Personagem real, espaço para cinema e qualquer outro assunto que me passar na cabeça. Esperando não ter heterônimos tão cedo...
quinta-feira, 7 de fevereiro de 2013
Amor
Amor, filme de Michael Haneke conhecido também pelos filmes Fita Branca e A professora de piano (o meu preferido). Esta produção de 2012 ganhou a palma de ouro em Cannes e concorre como melhor filme estrangeiro ao Oscar (entre outras indicações).
Uma obra dolorida, que mostra a degradação de Anne (Emmanuelle Riva) e o cuidado de seu zeloso marido Georges (Jean-Louis Trintignant). Ambos compartilharam a vida, a profissão de pianistas e o gosto intelectualizado. Franceses idosos que moram em um grande apartamento, igualmente antigo, escuro, vazio e com certo tom de cinza esverdeado. O vazio eventualmente é habitado pela presença de uma pomba, talvez um símbolo de companhia para George, ou esperança, não sei ao certo.
O filme se inicia com o inevitável, o corpo de Anne em trajes de luto, envolta de flores. Já é sabido o fim, então se volta ao começo.
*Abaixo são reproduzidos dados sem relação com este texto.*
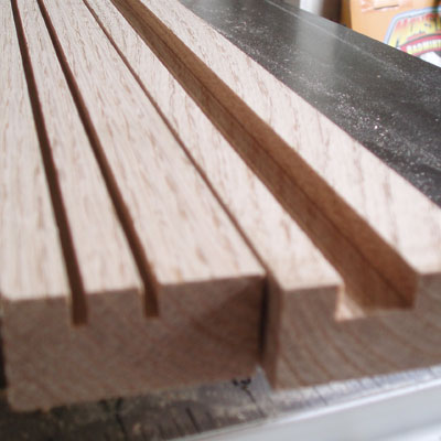 For the shelf I had to make something a little more solid and easy to attach. 4 boards were cut to fit within the upright legs and act as supports. I used the table saw to make a 1/2\" slot into the boards. I made two 1/4\" deep groves in it so that the spacing was correct and then ran it through repeatedly at different widths to cut away the middle. There are better ways to do this but I am most comfortable with this method since it lets me be more accurate. I need all the help I can get!

É mostrada a vida relativamente ativa do casal, sua cumplicidade e principalmente a quase ausência da filha interpretada pela Isabelle Huppert.
A interpretação de Emmanuelle Riva é absolutamente impecável, sua transformação de uma idosa saudável que aos poucos perde parte dos movimentos, depois a consciência e por fim murmura palavras sem sentido como “dói”.
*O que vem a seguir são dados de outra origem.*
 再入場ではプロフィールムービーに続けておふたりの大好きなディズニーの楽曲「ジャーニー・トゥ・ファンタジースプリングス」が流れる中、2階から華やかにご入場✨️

Excelente interpretação também de Jean-Louis Trintignant, que apesar da idade avançada e limitações físicas claras, insiste em cuidar inicialmente sozinho e depois com uma insuficiente ajuda de uma enfermeira. A sua dedicação é muito bonita, porém altamente questionável.
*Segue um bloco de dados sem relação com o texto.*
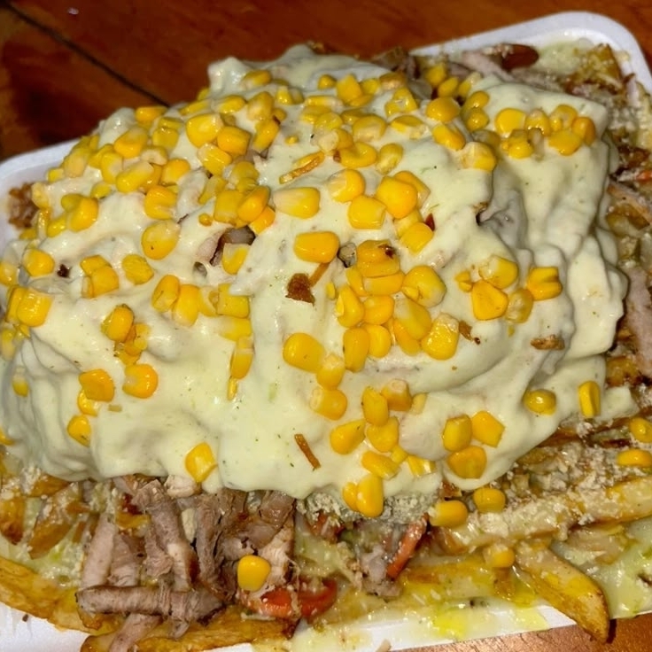 acompañada de papas, salchichas, queso, pechuga, maíz, y (salsas) y jugo del día..

São duas horas de sofrimento, várias cenas paradas, como um tempo de espera frente ao fim da vida. Sempre sou spoiler, mas dessa vez não serei. Não considerei assim tão chocante o que era para chocar, não me tocou tanto assim.
Com certeza é um filme bem feito, bem pensado, fotografia e escolha de cores que casam perfeitamente com a história. Mas é um tema batido, pessoalmente me tocou pois nasci e cresci na casa da minha avó e lidar com a vida se esvaindo aos poucos me é bem familiar.
Tentando ver algo de positivo, talvez a idéia de mostrar um casal que passa a vida toda juntos, com tanta cumplicidade seja uma Ode ao Amor, situação infelizmente um tanto rara nos dias de hoje.
Enfim, vale a pena assistir, mas ainda prefiro A professora de piano.